🤖 AI Summary
This work addresses the limitations of general-purpose large language and multimodal models in e-commerce scenarios, where performance is hindered by insufficient domain knowledge, poor understanding of long-tail products, challenges in processing heterogeneous visual inputs, and inadequate support for multi-role interactions. To bridge this gap, the authors introduce the first unified multimodal e-commerce benchmark encompassing platforms, merchants, and consumers, structured around six core capability dimensions and 29 distinct tasks.
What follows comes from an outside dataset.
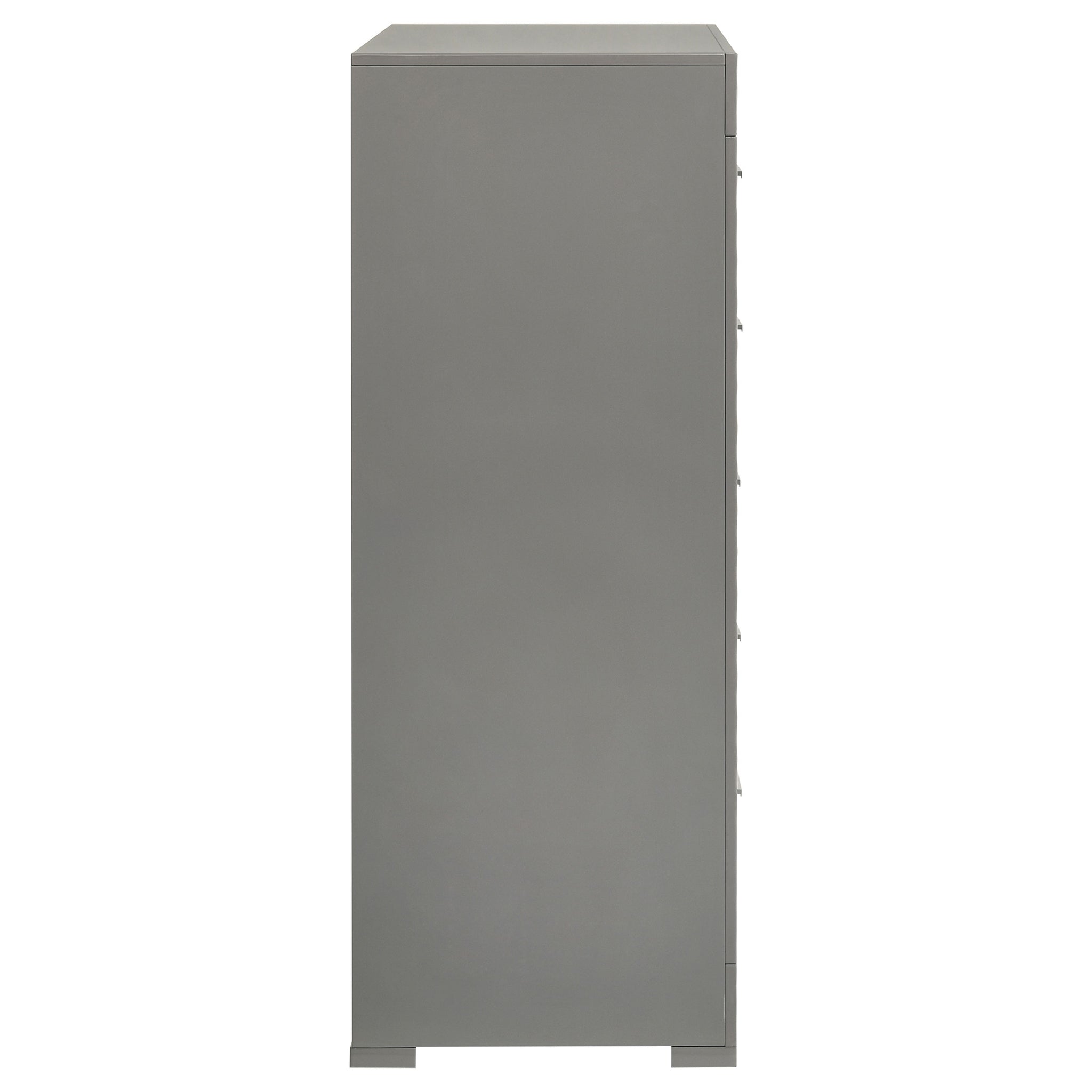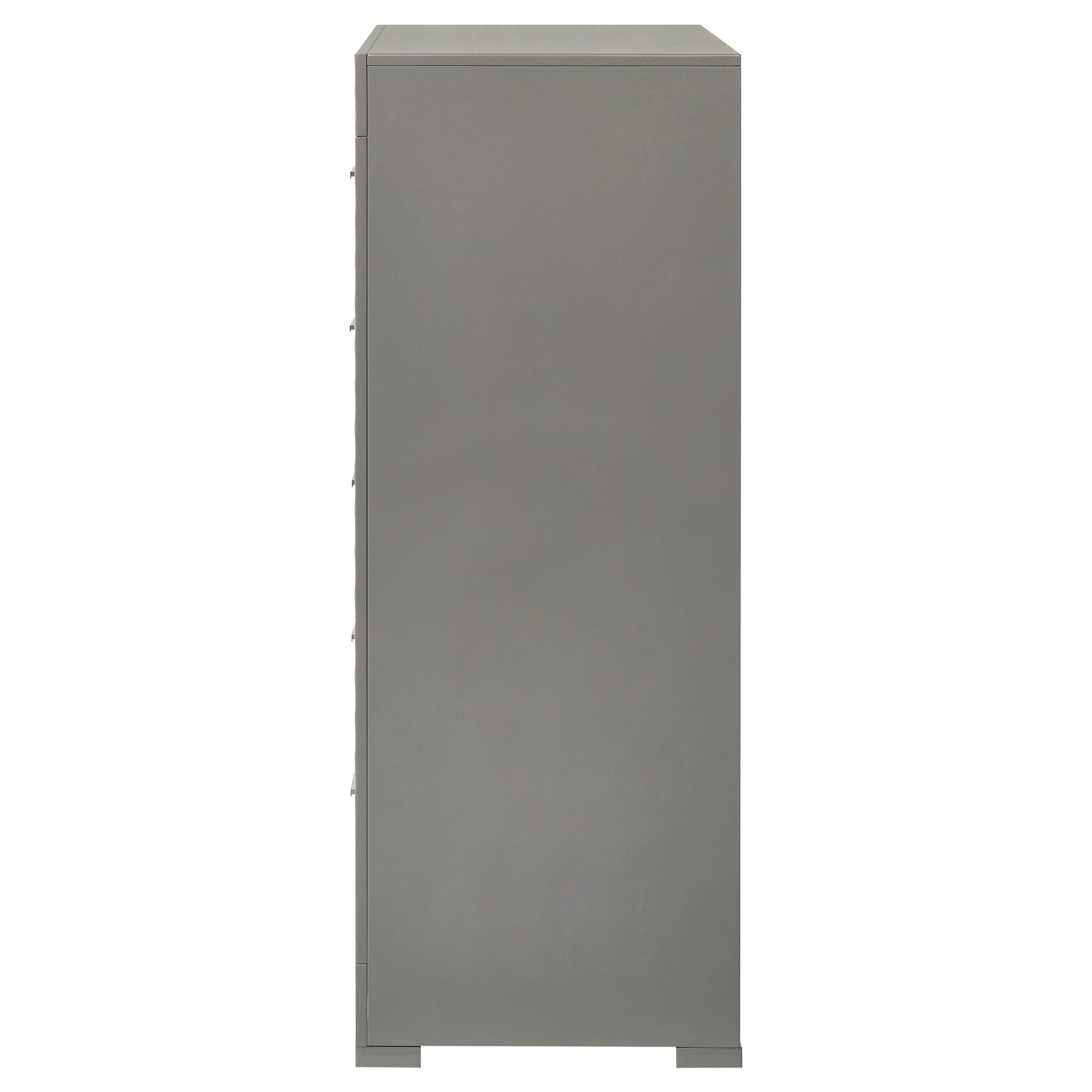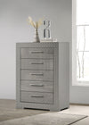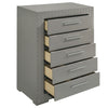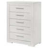 Organize your wardrobe in style with this contemporary chest. The high gloss finish and 3-dimensional diamond tile emboss provide a chic, modern look that enhances any bedroom decor. Five spacious drawers offer ample storage for clothing and linens, each with felt lining in the top drawers to protect your delicate items. The chest is built with robust materials and Pin construction joinery, ensuring durability and smooth functionality. This piece is both practical and stylish, perfect for a modern home. Key Features: • Contemporary chest with white high gloss finish • Five drawers with felt-lined top drawers for added protection • 3-dimensional diamond tile emboss adds texture and elegance • Pin construction joinery and metal glides ensure durability • Made from solid hardwood and engineered wood

The benchmark supports text–image multimodal inputs and both single- and multi-turn dialogues, leveraging real-world bilingual (Chinese–English) data annotated with a four-tier difficulty scale (P0–P3) and a visual key-evidence prioritization mechanism. This framework enables, for the first time, end-to-end evaluation across multiple roles, tasks, and modalities. Evaluations on 20 mainstream models reveal only moderate overall performance and narrowing performance gaps, underscoring these models’ heavy reliance on specialized e-commerce domain knowledge.
📝 Abstract
LLMs and MLLMs have become indispensable tools across a wide range of applications. E-commerce, however, poses distinctive challenges -- including intricate domain knowledge, long-tail product evidence, heterogeneous visual data, and the interplay among multiple stakeholder roles -- that diverge substantially from the general world knowledge these models are primarily trained on, often causing a notable gap between their open-domain and e-commerce performance. To systematically quantify this gap, we introduce OxyEcomBench, a unified multimodal benchmark comprising approximately 6,300 high-quality instances for real-world bilingual Chinese--English e-commerce. Although several e-commerce benchmarks have been proposed, they typically adopt a single stakeholder perspective, target a narrow set of tasks, or address isolated challenges, making it difficult to holistically assess models' understanding of the full e-commerce pipeline. OxyEcomBench addresses these limitations by jointly covering platform operators, merchants, and customers across 6 capability aspects and 29 tasks, supporting text-only and mixed-modality inputs with single-image, multi-image, single-turn, and multi-turn configurations. All data is sourced from authentic e-commerce platforms and verified by domain experts. The benchmark further adopts a difficulty-aware design with a four-level P0--P3 rubric applied to all 29 tasks whose difficulty admits stable expert consensus, and rigorously prioritizes visually salient multimodal cases in which key evidence resides in images rather than text alone. Evaluations on 20 mainstream LLMs and MLLMs show that even the leading models attain modest performance and that performance gaps narrow on OxyEcomBench, suggesting that insufficient e-commerce-specific knowledge infusion mutes the advantages of advanced general-purpose models in this domain.